Читаем без скачивания Благоволительницы - Джонатан Литтелл
Шрифт:
Интервал:
Закладка:
Я незамедлительно приступил к поискам Хоенэгга: он пребывал в добром здравии, и мне не составило особого труда его найти; он тоже работал в Берлине, в Медицинском отделе на Бендлерштрассе. Меня распирало от радости, я попросил его к телефону, не называя своего имени; когда Хоенэгг ответил: «Да?», в его голосе, тягучем, музыкальном, слышалось недовольство. «Профессор Хоенэгг?» — «Он самый. А с кем имею честь?» — «Вас беспокоят из СС. По поводу старого долга». Хоенэгг раздражался все больше: «Кто вы?
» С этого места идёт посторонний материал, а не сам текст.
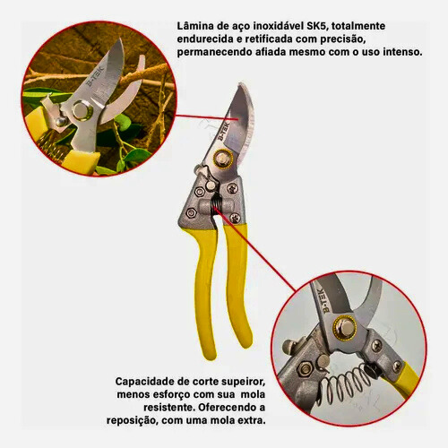 Uso Recomendado: Ideal para podas de galhos e caules leves em jardins, hortas e plantas ornamentais

О чем вы говорите?» — «О бутылке коньяка, обещанной мне вами девять месяцев назад». Хоенэгг разразился долгим смехом: «Увы, увы, должен вам кое в чем признаться: считая вас погибшим, я выпил ее за ваше здоровье». — «Бессовестный вы человек». — «Так выходит, вы живы». — «И получил повышение: я — штурмбанфюрер». — «Браво! Тогда мне ничего другого не остается, как откопать еще одну бутылку». — «Даю вам двадцать четыре часа: разопьем ее завтра вечером. Взамен я приглашаю вас на ужин в «Борхардте». В восемь вам удобно?» Хоенэгг присвистнул: «Вам, вероятно, и оклад прибавили. Но позвольте предупредить, что сезон устриц еще не настал». — «Неважно: мы полакомимся кабаньим паштетом. До завтра».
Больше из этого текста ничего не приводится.